Translation the calculator is currently not really useful. I am sure that translating it into German would increase the number of users from Germany, but it does not look like the effort would really be worth it. What I have done is add an automatic translation feature to the top of the calculator to provide some usability for non-English speakers. Unfortunately the quality is quite bad.

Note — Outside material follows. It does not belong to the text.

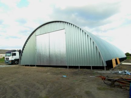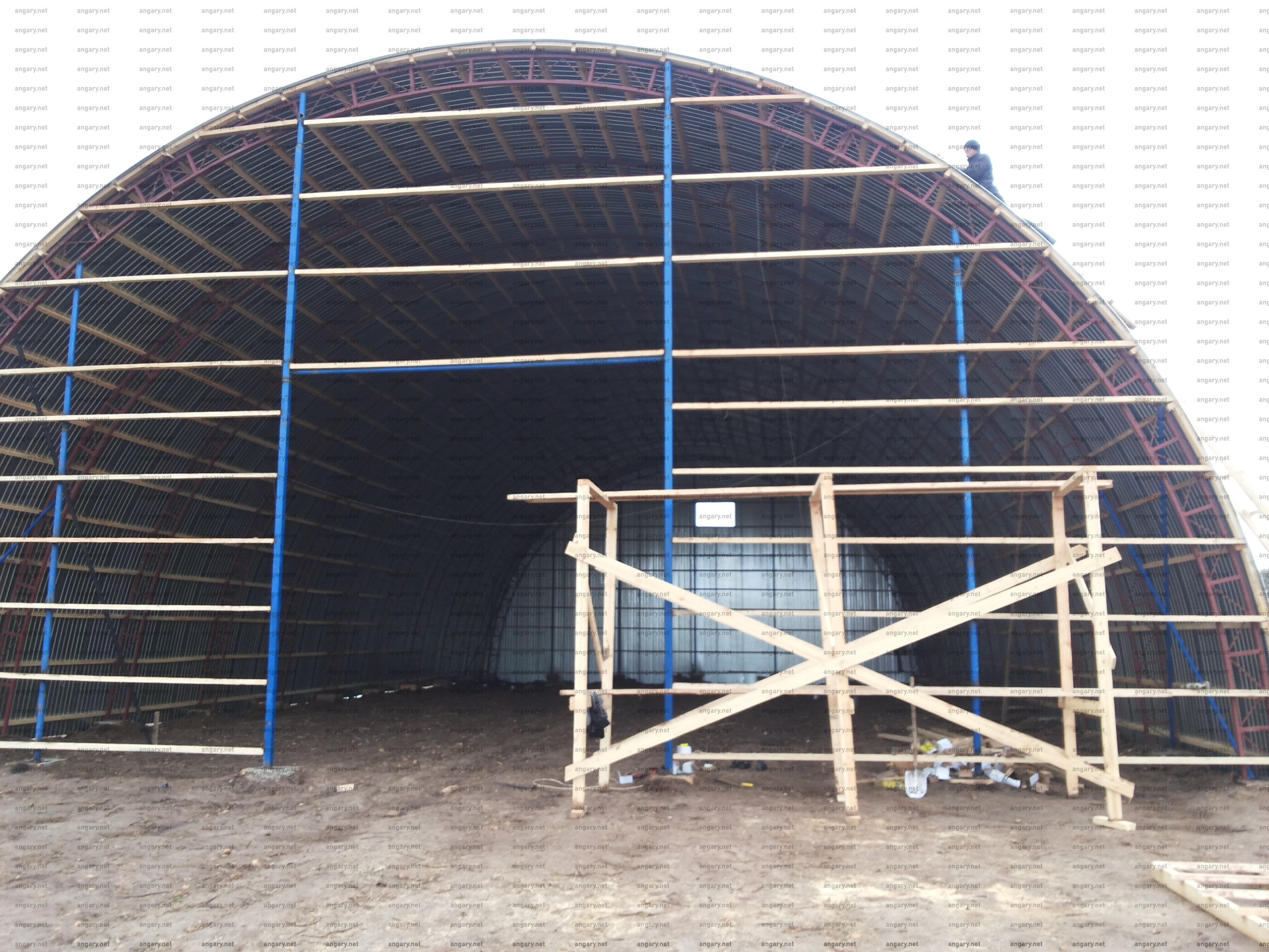 Этот вид ангаров является модификацией арочных ангаров. Но они могут иметь как форму половины эллипса, так и полукруга с вписанными в окружность прямыми балками каркаса, который является обязательным для этого вида металлических ангаров. Поэтому высота и ширина этих ангаров не так жестко связаны между собой. Но для надежности конструкции принято брать высоту в 1/2, 1/3 или 1/4 от ширины ангара.

Almost half of my users come from mobile devices! To be precies, 48.8% mobile, 41.7% desktop, 9.5% tablets. That means it is absolutely essential that the keto calculator works well on mobile and on the desktop. It took me quite a while to make it look good on mobile, and now I’m happy with the result. I’ve done most of the testing with Chrome DevTools, which are absolutely fantastic!

How Old Are My Visitors?


Most visitors are 25-34 years old. I guess that’s a typical result for a website with nutrition as a topic. Interestingly, the graph does not show any data for younger than 18 year olds. I have updated the calculator with some safety checks so that even when somebody very young tries to use the calculator it will give reasonable advice. If you are under 18, it will show a warning. Under 15 the calculator even refuses to give you any results.

What Gender Are My Visitors?


There are a lot more female visitors! It seems that females are much more sensitive about nutrition topics. Also, female tend to use more mobile devices.

It would probably help to have some gender specific advise on the keto calculator, especially for women. E.g. breastfeeding comes up from time to time. Unfortunately I know nothing about these topics, so it’s best to go to the dedicated subreddit /r/xxketo with these kind of questions.

How Big Are the Screens?


Lots of visitors use smartphones, and the screen resolutions reflect this. The sizes range from quite narrow with just 360 pixels to quite large with 1440 pixels. I’ve tuned the layout to be nicely visible on all these ranges. Thanks to @media it gracefully switches between these layouts and looks quite readable on very wide screens and very small screens.